Arms vs. Firelocks, a Question of Research
By Chip Gnam
I have frequently heard discussion among musketmen regarding the use of the command "Arms," instead of "Firelocks." For example, the command "Present Arms!" is followed by "Shoulder Firelocks!" I certainly have pondered the seeming ambiguous use of the two words; why is the musket referred to as an "arm" in one command and the more common "firelock" in the next.
A common theory has been that when the bayonet is affixed to the musket, it effectively is two weapons (therefore "arms") and no longer just a firelock. But that doesn't explain why both the British and von Steuben Drill Manuals mix the two different words in different commands after the bayonet is fixed. I have even heard it suggested that the Manuals are "wrong" in their use of the words of command and that we should always use the term "arms" instead of "firelock" when giving drill commands when the bayonets are fixed on the muskets, despite what is written in the drill manuals of the period."

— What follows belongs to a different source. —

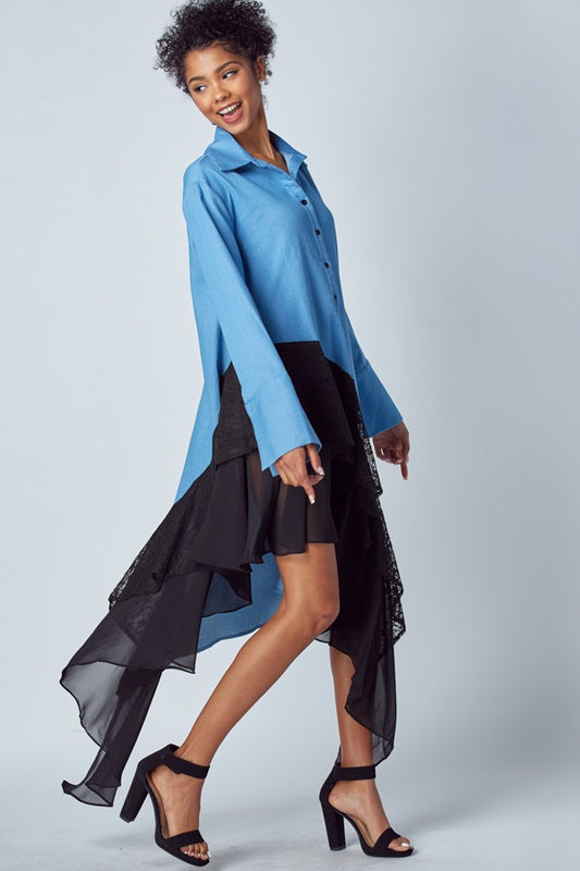 Sold outStretch Denim Dress/Top with Ruffles

I have recently found an answer to this 18th century riddle in the drill manual of Timothy Pickering. Pickering was, among other things, a student of military matters living in Massachusetts at the time of the American Revolution. In 1775 he published his "Easy Plan of Discipline for a Militia," as a simplified drill manual to be used by the part-time soldiers of the militia. Besides his interesting, and unique drill instructions, his book contains an informative examination of other drill manuals of the period.
Like reenactors today, Pickering was a novice at military drill, and he seems just as confused by some of the instructions in the period drill manuals as we are today. He includes explanations for some of the drill commands, based on his research into many drill manuals from the period, as a way of explaining the uses of some of the commands.
Included in his book is a clarification of the use of the word "Arms" instead of "Firelock." His explanation begins by asking why the British Drill Manual has two different commands for the same position: "Rest your Firelock" and "Present your Arms." (Von Steuben eliminated the command "Rest Firelock.") His research takes him back to the drill of the 17th century when infantry armies included pikemen, as well as musketmen. Pickering explains:
Whenever the musketeers were exercised alone, they always came to the position of rest, by the word Rest your muskets! But as musketeers and pikemen were frequently exercised together, it became necessary to use some word which should apply to both; and arms was chosen for that purpose, as signifying both the arms, or weapons, of the musketeers, and that used by pikemen...
That this is the true account of the matter is evident from the Exercise of Foot ordered by King William III in which (p. 143) is this direction—
"When arms are mentioned, it signifies both musketeers and pikemen."*
The use of the word "Arms," for certain commands, instead of "Firelock" was simply a tradition carried forward in both the British drill manuals of the period, as well as von Steuben's manual long after the pike had been retired from service.
This illustrates the importance of making research the basis for our interpretation (and recreation) of the 18th century, instead of guesswork and personal opinion. We shouldn't start changing history (in this case, the period drill manuals) just because we don't understand it. Instead, we simply need to do more research if we want to fully understand it.
*From page 19 of Pickering's "Easy Plan," reprinted by King's Arms Press.